Расцеловав нас, Роза и Рена подсели к столу.

— С базара?

— Да. Опять все подорожало, — сообщила Роза. — Хукумати дузд![5] До людей им дела нет.

— Хай, как на фабрике, Роза? — спросила мать.

— План опять повысили. А ведь и так не угнаться было!

— Знаю, знаю. И без конца собрания: «Шейте лучше, шейте больше». А расценки — расценки те же. И подоходный налог с мая, вроде, опять увеличат.

— И у нас все так же. Собрания — чтобы план увеличить, либо чтоб алкоголиков обсуждать. Надоело! Терпенья нет.

— Сиди уж, куда пойдешь еще? Везде одно и то же, — вздохнула мама.

У матери были три сестры и старший брат Авнер. Росли они очень дружными. Когда дедушка ушел на фронт, маме было всего три года, Авнеру — шесть. Бабушка Абигай вместо мужа сапожничала в будке, Авнер же, как взрослый, занимался хозяйством — бегал по магазинам и базарам в поисках продуктов, ухаживал за сестренками да еще в будке помогал матери — чистил обувь. Однажды, рассказывала мама, Авнер раздобыл где-то две булки. По дороге домой захотелось ему пить. Подошел к водопроводному крану, положил рядом булки, напился, глядь — а булок уже нет…

— Валерька, Валерька! — нежно пропела бабушка Абигай. — О, джони бивещь. Ина гир[6]. — И она протянула мне сочный, жирный кусочек мяса…

Бабушкиной доброте не было предела. В своем скудном доме она всегда находила какой-нибудь подарок внукам: то это была самодельная игрушка, то лакомство. А уж улыбку она нам дарила непременно!

И всем вокруг казалось, что она очень счастливая. Но я иногда видел, как где-нибудь в дальней комнате бабушка плачет вместе с мамой. Они были очень близки и, встречаясь, говорили друг с другом, не замечая времени.

— Бурма, — попробовав кислую алычу, поморщилась бабушка.

Мы часто хохотали, когда бабушке в рот попадало что-нибудь очень кислое. Она так смешно морщилась: густые брови сходились у переносицы, ноздри расширялись, глаза же, наоборот, делались узкими, как щелочки, а губы искривлялись плачевно. Даже платок на голове, казалось, морщился…
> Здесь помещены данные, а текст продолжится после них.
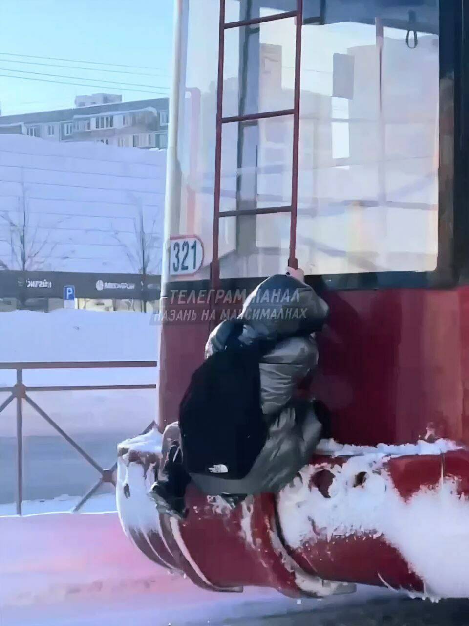 В «Метроэлектротрансе» сообщили о новых случаях зацепинга в Казани – опасного проезда снаружи трамвая. Нарушителем оказался школьник, которого удалось сфотографировать.

А Роза тем временем уже снова дразнила и теребила меня.

— Можно, я съем твои глаза? А ресницы можно?

Подсев ко мне, она похлопывала мои щеки и покусывала веки. Тетушкам нравились мои большие глаза и длинные ресницы. Мне кажется, они порой играли со мной, как с куклой. А я сердился и стеснялся.

— Ты когда-нибудь заговоришь? А, знаю, что мы с тобой сделаем! Сейчас будем красить тебя усьмой!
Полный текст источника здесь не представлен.